January 18, 1995|TYLER MARSHALL | TIMES STAFF WRITER

STRASBOURG, France — In an emotional, highly personal farewell plea before the European Parliament, a frail French President Francois Mitterrand on Tuesday appealed to Europeans to overcome their nationalistic prejudices and move toward deeper unity.

"We must overcome our prejudices, our history," he warned. "If we don't, one imperative will overtake us--nationalism and war. For war isn't just something of the past (in Western Europe); it can also be something of the future."

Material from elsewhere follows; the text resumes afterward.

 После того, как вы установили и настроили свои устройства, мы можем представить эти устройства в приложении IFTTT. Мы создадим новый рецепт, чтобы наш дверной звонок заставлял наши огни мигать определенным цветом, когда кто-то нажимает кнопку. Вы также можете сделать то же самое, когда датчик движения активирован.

Mitterrand's comments came at the end of an hourlong speech that outlined France's objectives during its six-month tenure as head of the European Union's Council of Ministers.

His words appeared to be aimed not so much at the conflict that continues to unfold in the former Yugoslav federation or at the Russian military assault in Chechnya, but more at strains that have emerged within the EU itself in recent years--strains that have led its member states increasingly to defend narrow national interests at the expense of the union as a whole.

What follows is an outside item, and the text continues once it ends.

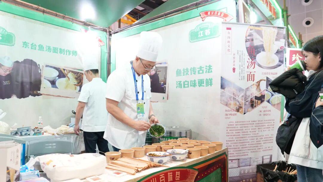 “请来一碗鱼汤面!”“鱼汤面还有吗?”“好,我们等下一锅!”……全国劳务协作暨劳务品牌发展大会现场,“东台鱼汤面制作师”展位前人流不断,江苏省级非遗代表性传承人徐用军现场烹制的面食供不应求,一天半时间已免费供应近2000份鱼汤面,有不少游客在2个多小时的熬制期间仍甘愿等候。等候间隙,甚至有不少居民主动记录制作过程,还不时为 “盐城家政” 劳务品牌点赞喝彩。
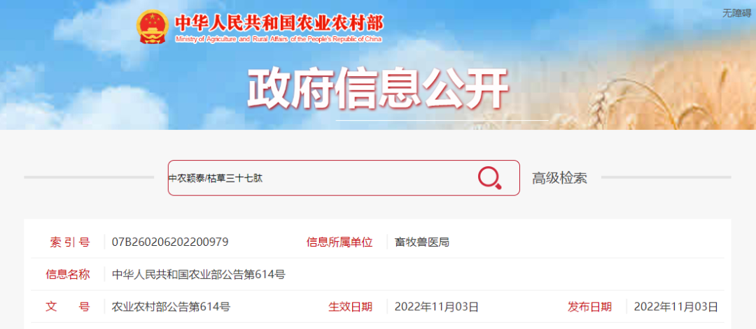 2022年11月3日,農(nóng)業(yè)農(nóng)村部公告第614號,批準(zhǔn)中農(nóng)穎泰林州生物科園有限公司申請的枯草三十七肽為新飼料添加劑,并準(zhǔn)許在中華人民共和國境內(nèi)生產(chǎn)、經(jīng)營和使用,核發(fā)飼料和飼料添加劑新產(chǎn)品證書,同時發(fā)布產(chǎn)品標(biāo)準(zhǔn)。

There has also been a noticeable cooling in some countries, including France and Germany, of the earlier public enthusiasm for deeper European unity.

Suffering from cancer and the harsh effects of chemotherapy treatment to combat it, the 78-year-old president frequently leaned on the podium as he spoke and at one point referred to the speech as "one of my last public acts here."

Mitterrand's presidential term is scheduled to end this spring.

His formal speech completed, he noted a generational change now under way within the leadership of Western Europe and urged that the ideals of unity and cooperation be passed on with this change.

Mitterrand referred to his experience as a prisoner of war in Germany during World War II, his family's animosity toward the Germans and the fact that during its history, France had fought every European country but Denmark.

"We shouldn't pass on hate, but the good fortune that comes with reconciliation. This is what we have done here," he added, nodding to the lawmakers in front of him. "You are the guardians of our future, of our peace."